An inbound spam was caught by SpamAssassin, flagged with BAYES_50=0.8 DCC_CHECK=1.1 DIGEST_MULTIPLE=0.293 HTML_MESSAGE=0.001 MIME_HTML_MOSTLY=0.428 MISSING_HEADERS=1.021 PYZOR_CHECK=2.5 REPLYTO_WITHOUT_TO_CC=1.552 To get to SA, it snuck by my DNSBLS, and passed SPF/DKIM/DMARC tests, Authentication-Results: dmarc.mail.example.com/876fg6sdf6876498f; dmarc=none header.from=gmail.com Authentication-Results: dkim.mail.example.com/876fg6sdf6876498f; dkim=pass (2048-bit key; unprotected) header.d=yahoo.com header.i=@yahoo.com header.b=UFAXzzUL Authentication-Results: spf.mail.example.com; spf=softfail (domain owner discourages use of this host) smtp.mailfrom=gmail.com (client-ip=212.82.96.171; helo=nm12-vm1.bullet.mail.ir2.yahoo.com; envelope-from=mrs.djoe...@gmail.com; receiver=u...@example.com) (TBH, I'm not exactly clear on how/why a msg this fake gets by all 3; need to take a closer look at that !) But, not being caught is NOT my current question. Instead, I'd like to know which specific test I can use to hit/score the 'freemail' whack-a-mole. For example, this particular email is Sent via 'freemail' @ YAHOO From 'freemail' @GMAIL ReplyTo 'freemail' @HOTMAIL Here are some of the headers Received: from nm12-vm1.bullet.mail.ir2.yahoo.com (nm12-vm1.bullet.mail.ir2.yahoo.com [212.82.96.171]) by mail.example.com (Postfix) with ESMTPS for ; Fri, 24 Jun 2016 08:26:08 -0400 (EDT) ... From: Dion Joelle Reply-To: Dion Joelle Message-ID: <#.javamail.ya...@mail.yahoo.com> What I don't see there are any of the FREEMAIL hits. Obviously, the fake freemail 'trifecta' (gmail/hotmail/yahoo) is an easy signature to hit on. I just need some guidance as to what test I need to use/configure/enable to hot/score on this patter/behavior? Jason
Re: Which SA test can detect/score this (fairly common) 'freemail' whack-a-mole?

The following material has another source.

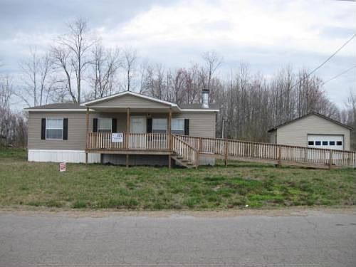 Very nice 3/2 mobile, fireplace, 12X20 covered porch, 20X24 detached garage, financing available through Vanderbilt Mortgage and Finance, Inc.also another porch added in the back an it's an 10 x10 deck in the back ..pond in backyard beautiful 1 and half acres ,golf course across the street, cash point church one house away,hwy 110 is a house away.
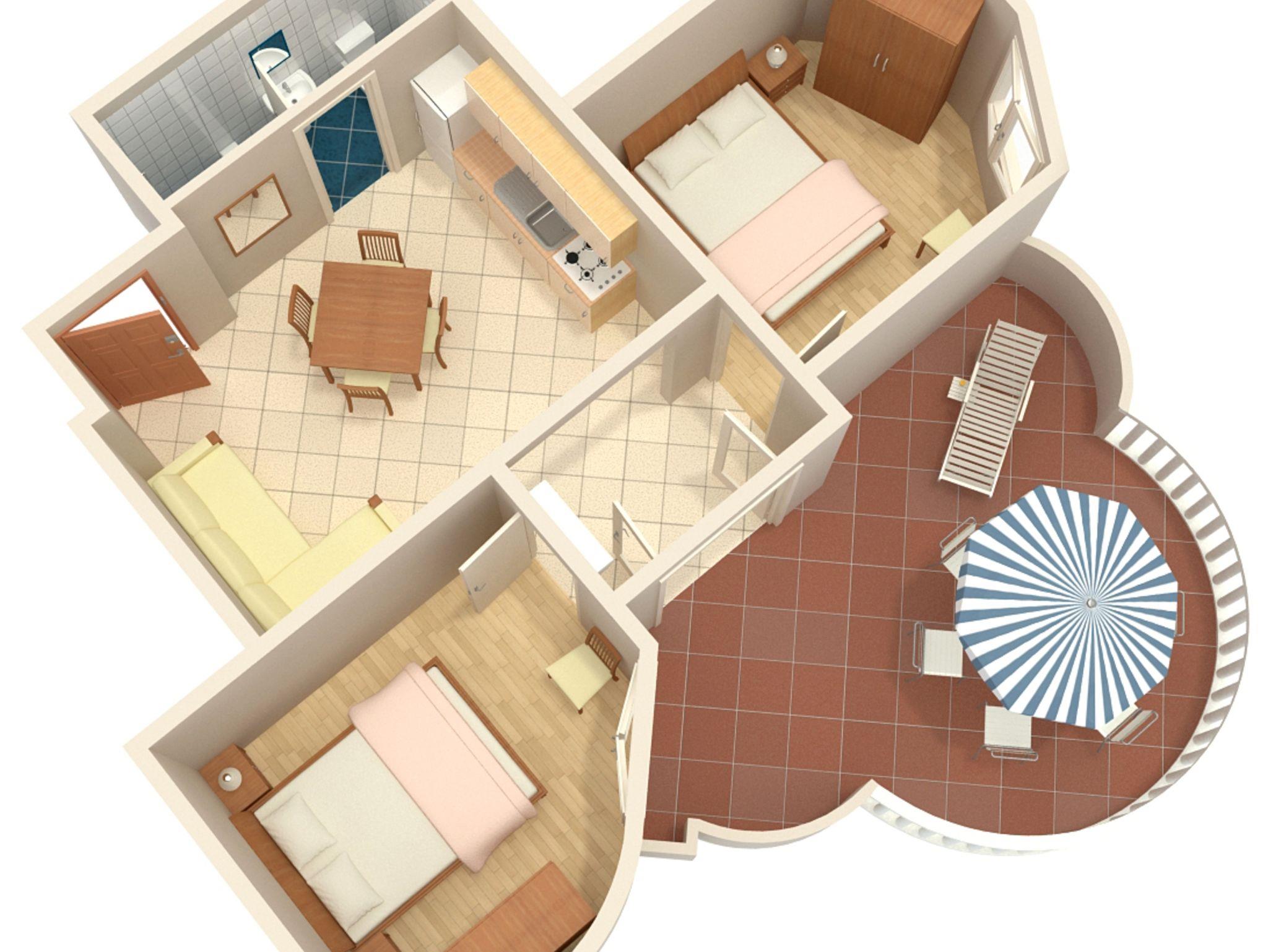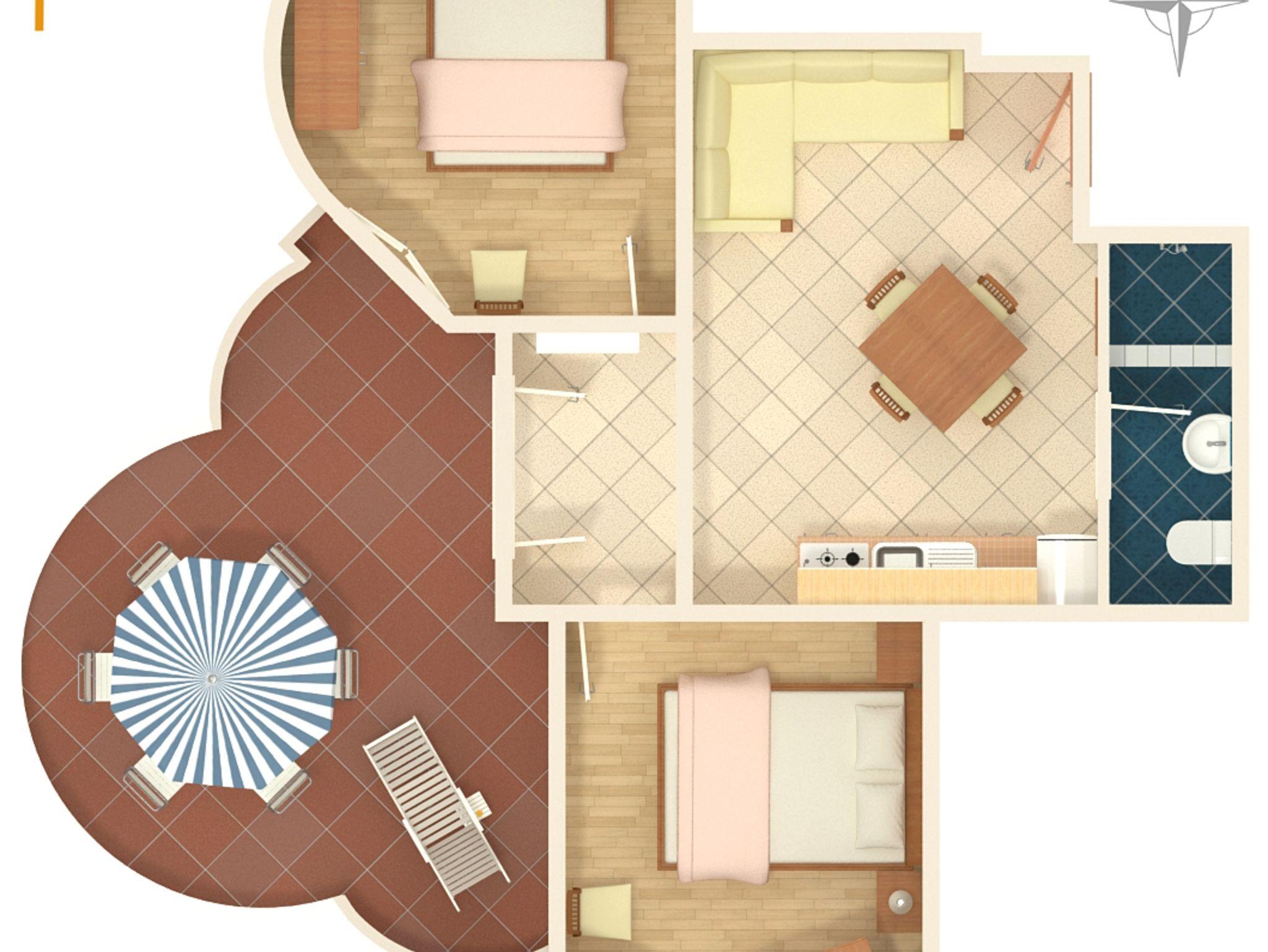 Ferienwohnung bietet Platz für 5 Gäste. Die Betten sind in Schlafzimmern, die es 2 gibt, und in Esszimmer, innerhalb einer Gesamtfläche von 50m2, angeordnet. Die Gäste haben eine eigene Terrasse zur Verfügung, auf der sie in warmen Sommernächten genießen können. Es ist erlaubt, Speisen auf dem Gemeinschafts-Grill vorzubereiten. IM PREIS INBEGRIFFEN: Kurtaxe, Endreinigung, Klimatisierung, Parkplatz, Internet, Föhn. VERBINDLICHE ZUSÄTZLICHE KOSTEN: Aufzahlung für Kurzaufenthalte (prozentualer Zuschlag pro Nächtigungsanzahl: 30% - 1, 20% - 2, 10% - 3). UNVERBINDLICHE ZUSÄTZLICHE KOSTEN: Wäschewaschen (5,00 € Waschen). Die Verfügbarkeit zusätzlicher Dienstleistungen in Ihrem reservierten Termin und die Preise derselben (falls nicht aufgeführt) müssen im Voraus überprüft werden. Zusätzliche Dienstleistungen die in der Zahlungsaufforderung nicht aufgeführt sind werden direkt beim Vermieter bezahlt, angenommen der Gast nutzt auch diese.

On 2016-06-26 00:29, jaso...@mail-central.com wrote: Authentication-Results: dmarc.mail.example.com/876fg6sdf6876498f; dmarc=none header.from=gmail.com https://dane.sys4.de/smtp/gmail.com Authentication-Results: dkim.mail.example.com/876fg6sdf6876498f; dkim=pass (2048-bit key; unprotected) header.d=yahoo.com header.i=@yahoo.com header.b=UFAXzzUL https://dane.sys4.de/smtp/yahoo.com Authentication-Results: spf.mail.example.com; spf=softfail (domain owner discourages use of this host) smtp.mailfrom=gmail.com (client-ip=212.82.96.171; helo=nm12-vm1.bullet.mail.ir2.yahoo.com; envelope-from=mrs.djoe...@gmail.com; receiver=u...@example.com) so why not reject softfail based on it ? oh yahoo client use gmail, hmm :=) that user should use smtp auth on gmail, not use yahoo smtp servers for relaying and note DNSSEC is not needed to make it worse
Re: Which SA test can detect/score this (fairly common) 'freemail' whack-a-mole?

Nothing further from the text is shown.